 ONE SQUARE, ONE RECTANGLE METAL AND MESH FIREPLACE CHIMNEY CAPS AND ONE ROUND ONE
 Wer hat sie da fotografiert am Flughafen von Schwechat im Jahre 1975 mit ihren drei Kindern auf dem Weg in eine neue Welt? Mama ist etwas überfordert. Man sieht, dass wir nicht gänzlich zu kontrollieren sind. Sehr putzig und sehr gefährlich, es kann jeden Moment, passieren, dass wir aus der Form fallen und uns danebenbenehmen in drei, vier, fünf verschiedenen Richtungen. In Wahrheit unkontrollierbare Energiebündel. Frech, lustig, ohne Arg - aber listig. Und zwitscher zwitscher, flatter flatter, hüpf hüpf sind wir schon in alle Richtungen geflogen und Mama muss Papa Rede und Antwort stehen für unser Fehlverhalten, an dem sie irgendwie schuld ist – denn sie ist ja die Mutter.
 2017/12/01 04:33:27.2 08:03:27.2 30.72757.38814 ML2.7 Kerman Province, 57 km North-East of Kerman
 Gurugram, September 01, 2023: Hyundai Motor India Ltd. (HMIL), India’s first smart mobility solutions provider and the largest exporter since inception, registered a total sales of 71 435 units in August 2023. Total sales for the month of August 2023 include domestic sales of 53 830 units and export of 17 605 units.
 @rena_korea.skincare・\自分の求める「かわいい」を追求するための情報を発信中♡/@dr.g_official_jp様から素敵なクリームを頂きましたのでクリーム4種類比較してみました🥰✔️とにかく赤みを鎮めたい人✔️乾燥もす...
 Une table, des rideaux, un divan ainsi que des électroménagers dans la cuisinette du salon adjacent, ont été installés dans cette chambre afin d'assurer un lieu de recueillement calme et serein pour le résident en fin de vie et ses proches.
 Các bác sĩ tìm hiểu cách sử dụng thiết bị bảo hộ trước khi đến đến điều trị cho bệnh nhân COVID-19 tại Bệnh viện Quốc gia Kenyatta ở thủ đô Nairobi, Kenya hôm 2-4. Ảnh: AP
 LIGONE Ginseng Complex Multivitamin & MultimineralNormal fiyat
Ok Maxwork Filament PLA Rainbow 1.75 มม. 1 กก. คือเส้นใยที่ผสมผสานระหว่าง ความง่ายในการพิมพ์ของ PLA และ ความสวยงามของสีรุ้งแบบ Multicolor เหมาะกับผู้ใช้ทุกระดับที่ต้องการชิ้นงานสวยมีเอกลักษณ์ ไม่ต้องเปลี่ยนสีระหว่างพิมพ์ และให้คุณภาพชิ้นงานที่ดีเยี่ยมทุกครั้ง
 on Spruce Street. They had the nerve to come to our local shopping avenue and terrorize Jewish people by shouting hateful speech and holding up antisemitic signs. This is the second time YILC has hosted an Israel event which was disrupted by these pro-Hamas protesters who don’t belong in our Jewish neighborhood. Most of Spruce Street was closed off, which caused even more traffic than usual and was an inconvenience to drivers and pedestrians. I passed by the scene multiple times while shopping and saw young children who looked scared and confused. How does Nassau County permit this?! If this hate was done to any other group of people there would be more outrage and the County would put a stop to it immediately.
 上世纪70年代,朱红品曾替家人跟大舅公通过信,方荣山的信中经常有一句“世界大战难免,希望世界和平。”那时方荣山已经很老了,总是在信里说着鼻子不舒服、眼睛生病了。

- WHAT THE EXERCISE ASKS
Return each entry from above without altering a single character.

- WRITTEN SOLUTION
 ONE SQUARE, ONE RECTANGLE METAL AND MESH FIREPLACE CHIMNEY CAPS AND ONE ROUND ONE
 Wer hat sie da fotografiert am Flughafen von Schwechat im Jahre 1975 mit ihren drei Kindern auf dem Weg in eine neue Welt? Mama ist etwas überfordert. Man sieht, dass wir nicht gänzlich zu kontrollieren sind. Sehr putzig und sehr gefährlich, es kann jeden Moment, passieren, dass wir aus der Form fallen und uns danebenbenehmen in drei, vier, fünf verschiedenen Richtungen. In Wahrheit unkontrollierbare Energiebündel. Frech, lustig, ohne Arg - aber listig. Und zwitscher zwitscher, flatter flatter, hüpf hüpf sind wir schon in alle Richtungen geflogen und Mama muss Papa Rede und Antwort stehen für unser Fehlverhalten, an dem sie irgendwie schuld ist – denn sie ist ja die Mutter.
 2017/12/01 04:33:27.2 08:03:27.2 30.72757.38814 ML2.7 Kerman Province, 57 km North-East of Kerman
 Gurugram, September 01, 2023: Hyundai Motor India Ltd. (HMIL), India’s first smart mobility solutions provider and the largest exporter since inception, registered a total sales of 71 435 units in August 2023. Total sales for the month of August 2023 include domestic sales of 53 830 units and export of 17 605 units.
 @rena_korea.skincare・\自分の求める「かわいい」を追求するための情報を発信中♡/@dr.g_official_jp様から素敵なクリームを頂きましたのでクリーム4種類比較してみました🥰✔️とにかく赤みを鎮めたい人✔️乾燥もす...
 Une table, des rideaux, un divan ainsi que des électroménagers dans la cuisinette du salon adjacent, ont été installés dans cette chambre afin d'assurer un lieu de recueillement calme et serein pour le résident en fin de vie et ses proches.
 Các bác sĩ tìm hiểu cách sử dụng thiết bị bảo hộ trước khi đến đến điều trị cho bệnh nhân COVID-19 tại Bệnh viện Quốc gia Kenyatta ở thủ đô Nairobi, Kenya hôm 2-4. Ảnh: AP
 LIGONE Ginseng Complex Multivitamin & MultimineralNormal fiyat
Ok Maxwork Filament PLA Rainbow 1.75 มม. 1 กก. คือเส้นใยที่ผสมผสานระหว่าง ความง่ายในการพิมพ์ของ PLA และ ความสวยงามของสีรุ้งแบบ Multicolor เหมาะกับผู้ใช้ทุกระดับที่ต้องการชิ้นงานสวยมีเอกลักษณ์ ไม่ต้องเปลี่ยนสีระหว่างพิมพ์ และให้คุณภาพชิ้นงานที่ดีเยี่ยมทุกครั้ง
 on Spruce Street. They had the nerve to come to our local shopping avenue and terrorize Jewish people by shouting hateful speech and holding up antisemitic signs. This is the second time YILC has hosted an Israel event which was disrupted by these pro-Hamas protesters who don’t belong in our Jewish neighborhood. Most of Spruce Street was closed off, which caused even more traffic than usual and was an inconvenience to drivers and pedestrians. I passed by the scene multiple times while shopping and saw young children who looked scared and confused. How does Nassau County permit this?! If this hate was done to any other group of people there would be more outrage and the County would put a stop to it immediately.
 上世纪70年代,朱红品曾替家人跟大舅公通过信,方荣山的信中经常有一句“世界大战难免,希望世界和平。”那时方荣山已经很老了,总是在信里说着鼻子不舒服、眼睛生病了。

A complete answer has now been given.